TASK DETAILS
No pictures go into the output, which should consist only of the lines from the first line of the data through the line with "Bequeme Swing-Pocket mit", copied exactly.

(Collected data entries)
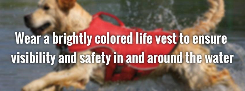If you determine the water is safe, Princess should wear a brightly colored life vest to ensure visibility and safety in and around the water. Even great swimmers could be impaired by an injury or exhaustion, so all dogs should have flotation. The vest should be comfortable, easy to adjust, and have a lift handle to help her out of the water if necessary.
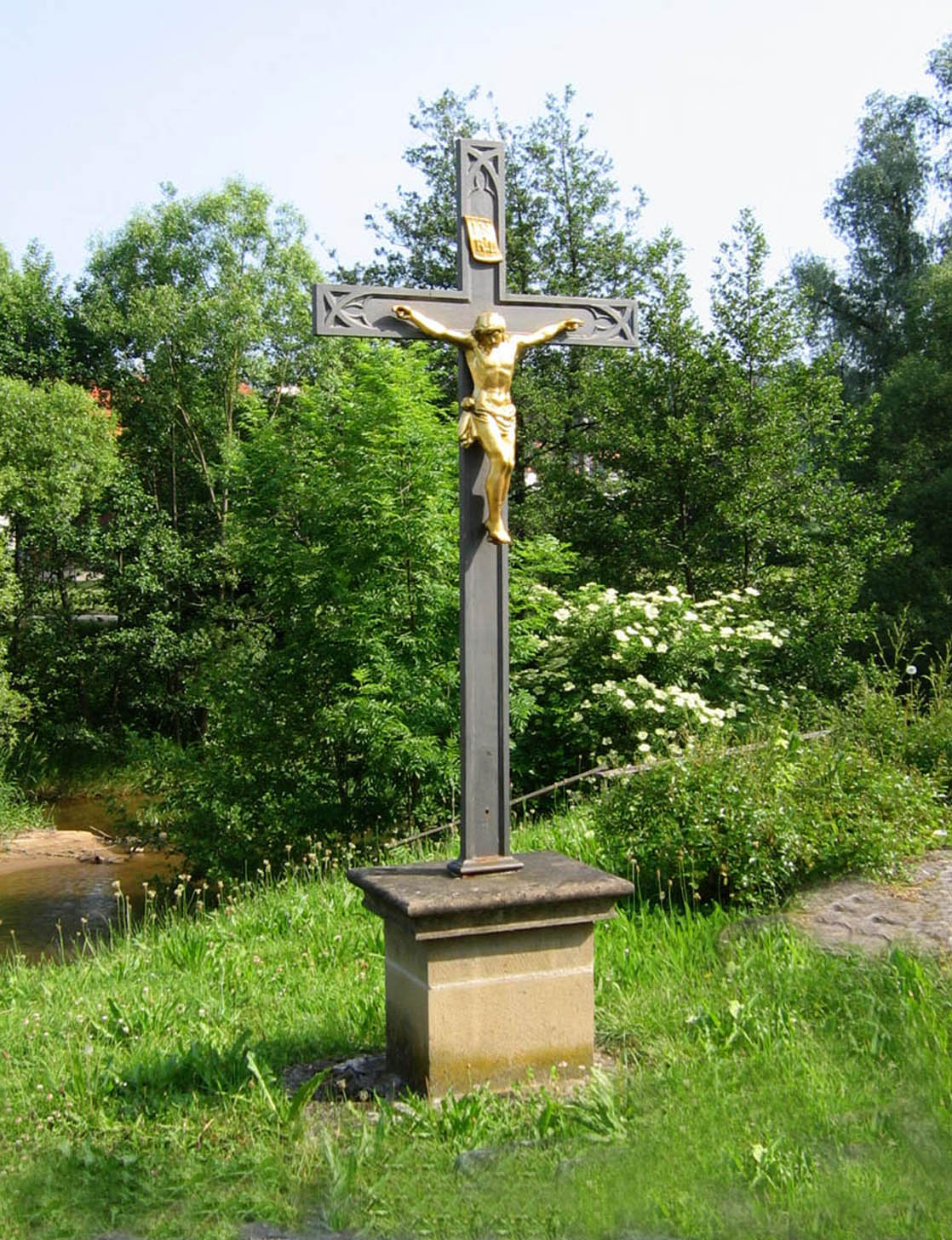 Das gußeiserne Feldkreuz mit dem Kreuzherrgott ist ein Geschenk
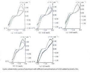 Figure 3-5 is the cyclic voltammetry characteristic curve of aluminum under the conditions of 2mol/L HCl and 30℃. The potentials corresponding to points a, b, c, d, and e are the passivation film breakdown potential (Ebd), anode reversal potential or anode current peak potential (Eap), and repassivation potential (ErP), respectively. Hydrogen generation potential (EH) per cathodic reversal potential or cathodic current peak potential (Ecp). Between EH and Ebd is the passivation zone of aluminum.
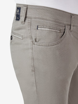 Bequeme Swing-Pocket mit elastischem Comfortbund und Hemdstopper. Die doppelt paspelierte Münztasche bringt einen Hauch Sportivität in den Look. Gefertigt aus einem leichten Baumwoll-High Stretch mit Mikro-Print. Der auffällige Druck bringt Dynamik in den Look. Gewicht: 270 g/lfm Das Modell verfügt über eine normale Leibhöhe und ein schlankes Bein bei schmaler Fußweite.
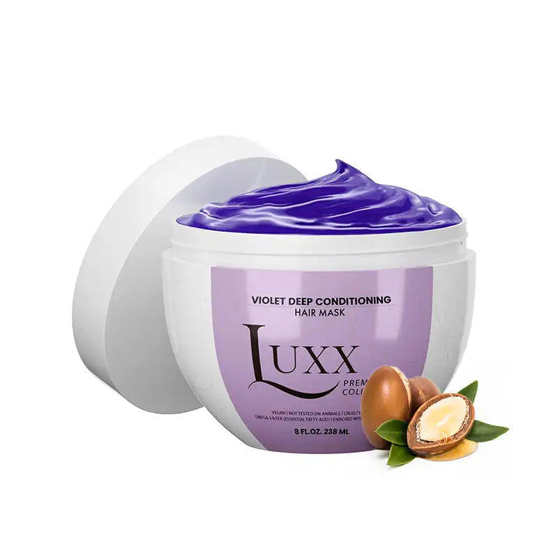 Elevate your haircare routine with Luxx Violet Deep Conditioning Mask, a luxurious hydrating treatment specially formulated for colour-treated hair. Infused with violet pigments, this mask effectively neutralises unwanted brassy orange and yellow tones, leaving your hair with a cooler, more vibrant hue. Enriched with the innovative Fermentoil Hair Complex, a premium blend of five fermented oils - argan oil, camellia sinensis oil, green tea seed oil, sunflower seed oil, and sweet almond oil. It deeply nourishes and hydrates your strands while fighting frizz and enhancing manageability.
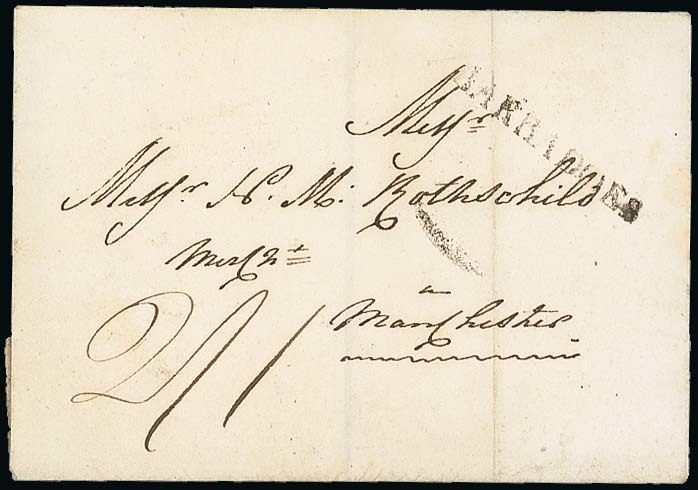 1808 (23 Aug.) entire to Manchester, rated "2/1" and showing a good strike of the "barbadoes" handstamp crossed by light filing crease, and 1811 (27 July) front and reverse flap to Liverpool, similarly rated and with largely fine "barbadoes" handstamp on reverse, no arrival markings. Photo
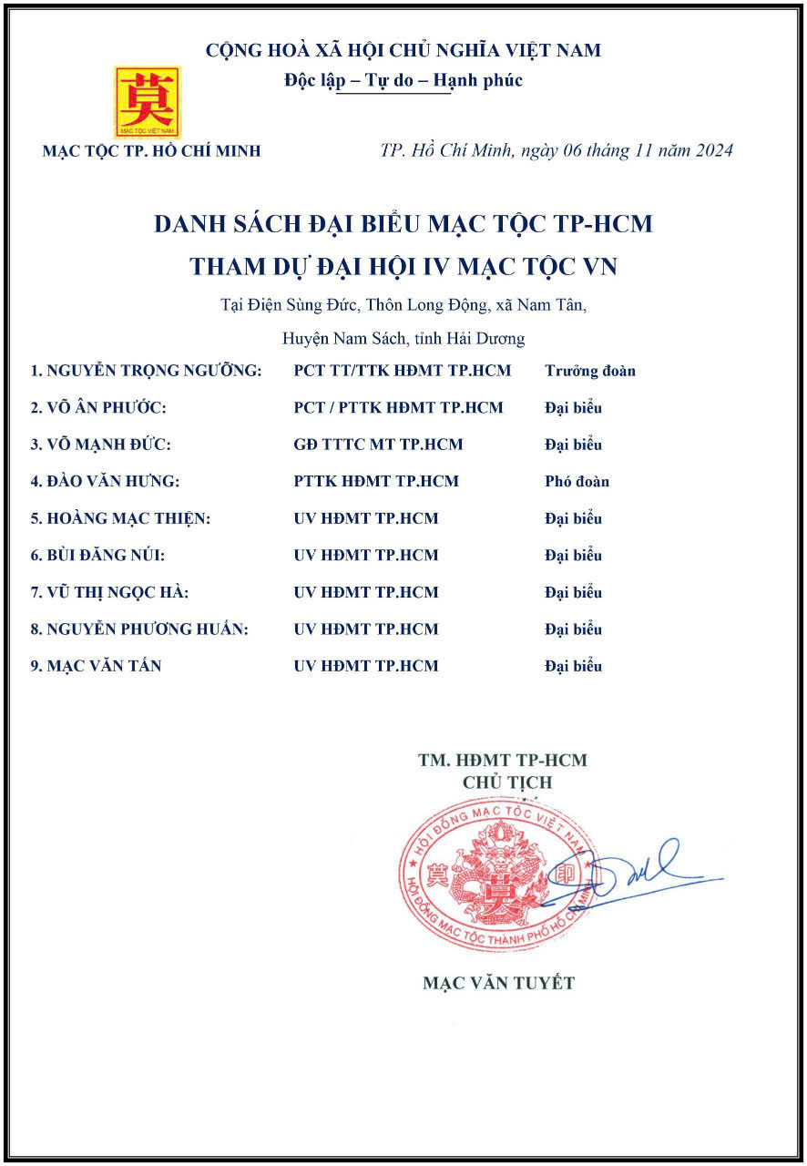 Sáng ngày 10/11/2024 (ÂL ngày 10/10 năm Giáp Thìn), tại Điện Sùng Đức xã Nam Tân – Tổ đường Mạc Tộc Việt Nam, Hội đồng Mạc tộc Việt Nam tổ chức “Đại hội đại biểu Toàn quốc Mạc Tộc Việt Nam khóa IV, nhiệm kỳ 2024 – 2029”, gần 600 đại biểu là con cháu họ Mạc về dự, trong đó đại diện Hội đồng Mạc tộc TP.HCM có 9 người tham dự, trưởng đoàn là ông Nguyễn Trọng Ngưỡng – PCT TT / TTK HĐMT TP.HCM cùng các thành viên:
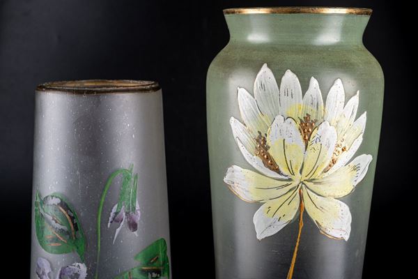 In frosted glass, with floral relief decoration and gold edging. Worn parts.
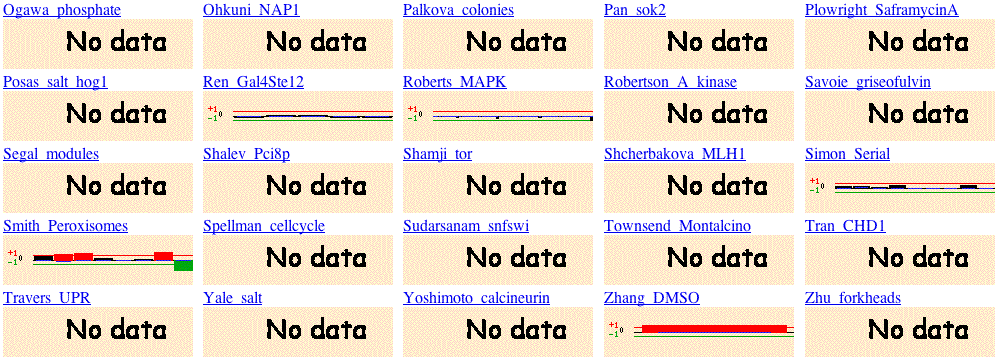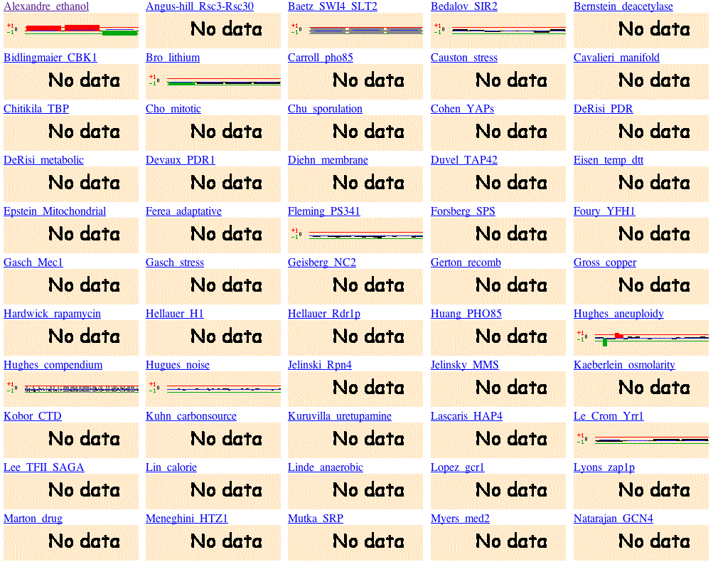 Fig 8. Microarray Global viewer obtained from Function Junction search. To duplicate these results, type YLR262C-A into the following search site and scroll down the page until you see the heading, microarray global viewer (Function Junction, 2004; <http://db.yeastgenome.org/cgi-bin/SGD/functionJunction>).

THE COMPLETED TASK
If you determine the water is safe, Princess should wear a brightly colored life vest to ensure visibility and safety in and around the water. Even great swimmers could be impaired by an injury or exhaustion, so all dogs should have flotation. The vest should be comfortable, easy to adjust, and have a lift handle to help her out of the water if necessary.
 Das gußeiserne Feldkreuz mit dem Kreuzherrgott ist ein Geschenk
 Figure 3-5 is the cyclic voltammetry characteristic curve of aluminum under the conditions of 2mol/L HCl and 30℃. The potentials corresponding to points a, b, c, d, and e are the passivation film breakdown potential (Ebd), anode reversal potential or anode current peak potential (Eap), and repassivation potential (ErP), respectively. Hydrogen generation potential (EH) per cathodic reversal potential or cathodic current peak potential (Ecp). Between EH and Ebd is the passivation zone of aluminum.
 Bequeme Swing-Pocket mit elastischem Comfortbund und Hemdstopper. Die doppelt paspelierte Münztasche bringt einen Hauch Sportivität in den Look. Gefertigt aus einem leichten Baumwoll-High Stretch mit Mikro-Print. Der auffällige Druck bringt Dynamik in den Look. Gewicht: 270 g/lfm Das Modell verfügt über eine normale Leibhöhe und ein schlankes Bein bei schmaler Fußweite.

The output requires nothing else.